The corporate governance report records the principles and conduct of management and supervision at the highest management level of the Micronas Group. Micronas meets the requirements of the ”Swiss Code of Best Practice”, which has been in force since July 1, 2002, and updated in 2007, and the corporate governance guidelines of the SIX Swiss Exchange.

Mindful that effective, transparent and systematically implemented principles of corporate governance make an important contribution to the Micronas Group’s success and to increasing company value, we are sensitive to the justified expectations and demands of our stakeholders concerning responsible management. At Micronas, the way the leadership and management of the Company are organized and function in practice is clearly regulated, in particular with regard to the division of responsibilities and powers among the decision-making bodies, namely the Board of Directors, Management and Shareholders’ Meeting, as well as to accountability in respect of decisions taken. The Board of Directors works through efficient committees: a Nomination and Compensation Committee and a Risk and Audit Committee. The Board verifies its own working procedures on a regular basis through self-assessment supported by external consultants. In addition, specific topics are reviewed by a special internal auditor from time to time.

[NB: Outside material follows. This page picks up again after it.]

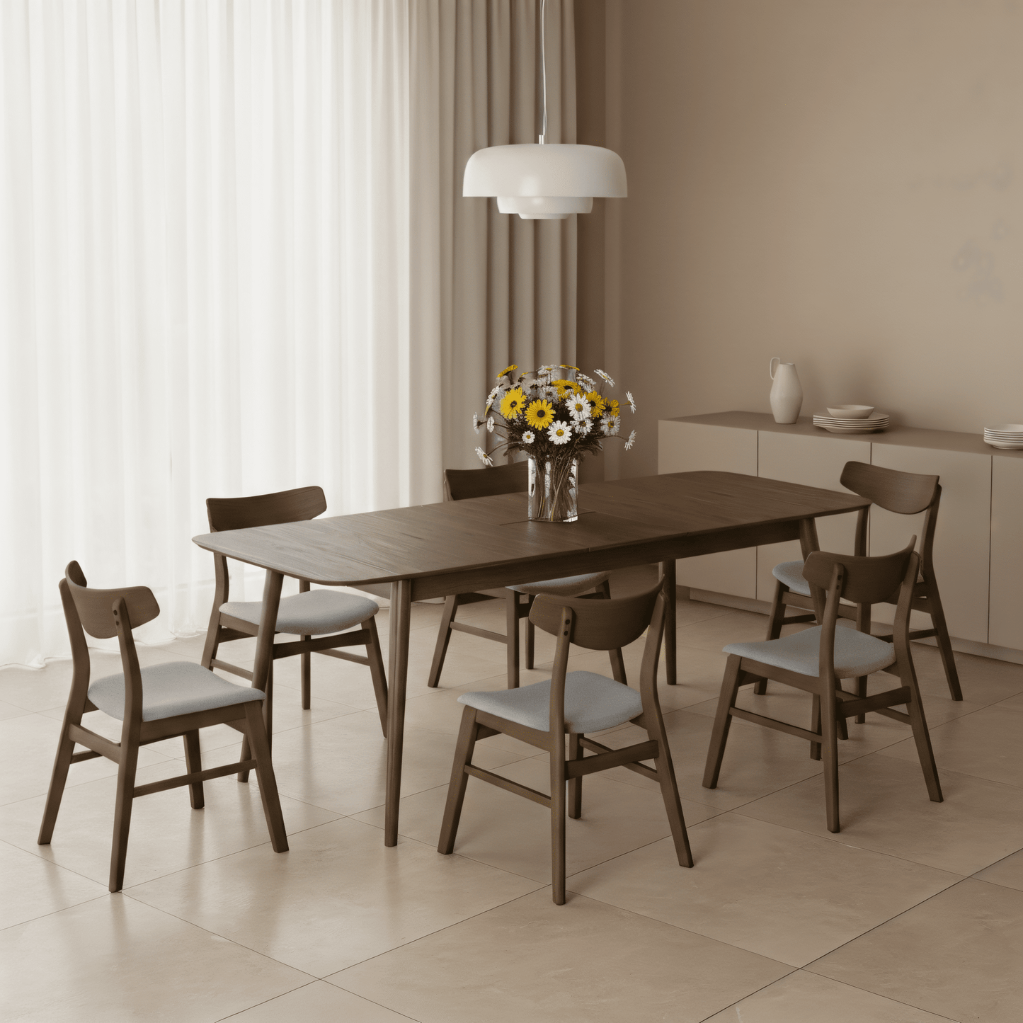 Juego de Comedor Atenas de Madera con 6 Sillas Tapizadas

As we at Micronas see it, the core issue of good corporate governance is that it responds to our shareholders’ concern for prudent corporate policies and efficient deployment of resources, including an effective system of checks and balances. In this respect, the Code of Conduct of Micronas, including implementing guidelines, helps to ensure that all Micronas employees act in a responsible manner. The Code of Conduct is available under  Documents as PDF.

In pursuance of these aims, the Micronas Group maintains an open information and communication policy toward shareholders, financial markets and interested sections of the public. Transparency and continuity in our dealings with investors – over and above what is legally required – are underpinned by comprehensive year-end financial statements, semi-annual financial statements in the form of a printed letter to the shareholders and quarterly financial updates for the first and the third quarter through respective press releases and constant updating of the relevant information on our website.

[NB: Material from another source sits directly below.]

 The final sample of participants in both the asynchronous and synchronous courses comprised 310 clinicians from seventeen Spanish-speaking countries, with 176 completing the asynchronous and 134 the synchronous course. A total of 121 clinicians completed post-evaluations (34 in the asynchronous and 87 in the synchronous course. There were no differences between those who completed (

Implementation of Minder Rules at Micronas

The ordinance against excessive compensation in listed companies (Verordnung gegen übermässige Vergütungen bei börsenkotierten Gesellschaften) has come into effect on January 1, 2014 (the “Ordinance”). However, transitional rules allow an implementation until December 31, 2015.

At Micronas, some of the points introduced by the Ordinance have already been implemented many years ago:

  • Micronas elects its members of the Board of Directors for a term of one year in an individual election.
  • Top Management contracts do not have a fixed term and their termination period is not exceeding 12 months.
  • No termination/severance payments are made.

 

At the Shareholers' Meeting held on March 21, 2014, Micronas has implemented most of the changes requested by the Ordinance:

  • There were neither a representative of the Company nor proxy holders of deposited shares.
  • It was possible to instruct the independent proxy holder by way of electronic proxies.
  • The Board of Directors proposed to the Shareholders’ Meeting amendments to the Articles of Incorporation (see the Articles of Incorpration under Documents as PDF).
  • The Shareholders’ Meeting elected the Chairman of the Board of Directors, the members of the Nomination and Compensation Committee as well as the independent proxy holder.

 

Following the Shareholers' Meeting, the Board of Directors amended the existing Company regulations in its meeting of April 15, 2014, accordingly, in particular the Business Rules, the Charter of the Nomination and Compensation Committee and the Charter of the Risk and Audit Committee (see the respective regulations under Documents as PDF).

 

Finally, the Shareholders’ Meeting 2015 regarding the business year 2014 will vote on the compensation of the Board and Top Management based on a separate compensation report audited by the Company’s auditors, thus rounding up the implementation of the Minder Rules at Micronas.